Lauren studies a book about Native American bushcraft and heads north on Highway 101, abandoning the work ethic that the authorities are trying to uphold. Lauren says she is driven by “hyperempathy,” a sensory state caused by her mother’s drug use during pregnancy, in which a teenage girl begins to experience the emotions of others, and people accept change and cooperate. I would like to establish a community where I can learn things.
But you may have to go much further than the freeway can take. Previously, she dismissed ongoing space exploration in 2024 as foolish. “That money wasted on another crazy space trip,” the 15-year-old mused at the beginning of her novel. “So many people on the planet cannot afford water, food, and shelter.”

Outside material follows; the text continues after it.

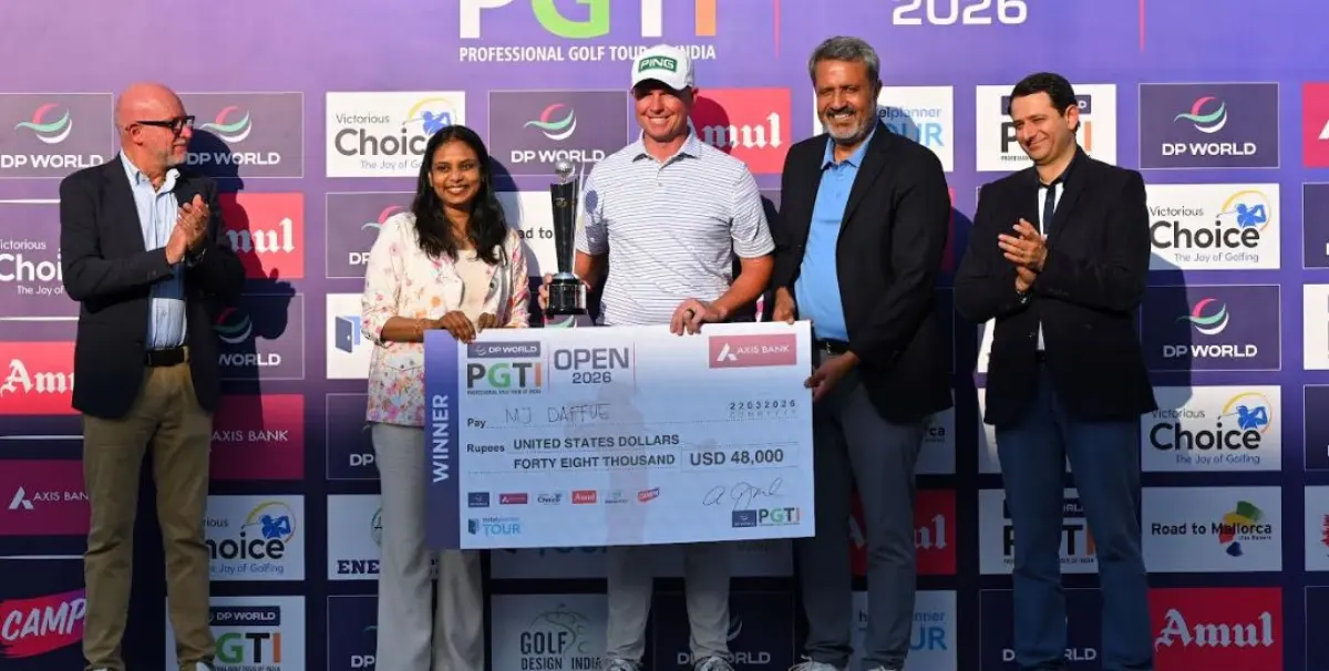 DP World PGTI Open 2026 का खिताब दक्षिण अफ्रीका के एमजे डैफ्यू ने अपने नाम कर लिया। डैफ्यू ने 69 का स्कोर बनाया और कुल 21 अंडर पार 267 के साथ समाप्त करते हुए अमेरिका के झेरेड हैक और भारत के सप्तक तलवार से एक शॉट आगे रहते हुए खिताब जीता।

But now she says: “The destiny of the Earthseed is to plant roots among the stars. If we want to be anything other than smooth-skinned dinosaurs, that’s the destiny we must pursue – be here today, be here tomorrow.” Gone, our bones will be mixed with the bones and ashes of our city.”
In the novel, President-elect Donner vows to abolish the federal Department of Space Flight. In contrast, Donald Trump reinstated the National Space Council and speculated: It could be infinite. I really don’t understand. But maybe so. It has to be something, but it could also be infinite, right?” Then he created the Space Force.
The novel begins with a description of a failed Mars mission. In this sense, we may actually be further along than Butler imagined his 2024 Earth situation. 3 years ago, NASA’s Perseverance rover “Percy” has landed in Jezero Crater on Mars.
Six days after Percy’s landing and 15 years after the death of the author of “Fable of the Sower,” authorities officially named the rover’s landing site the Octavia E. Butler Landing Site in his honor. did.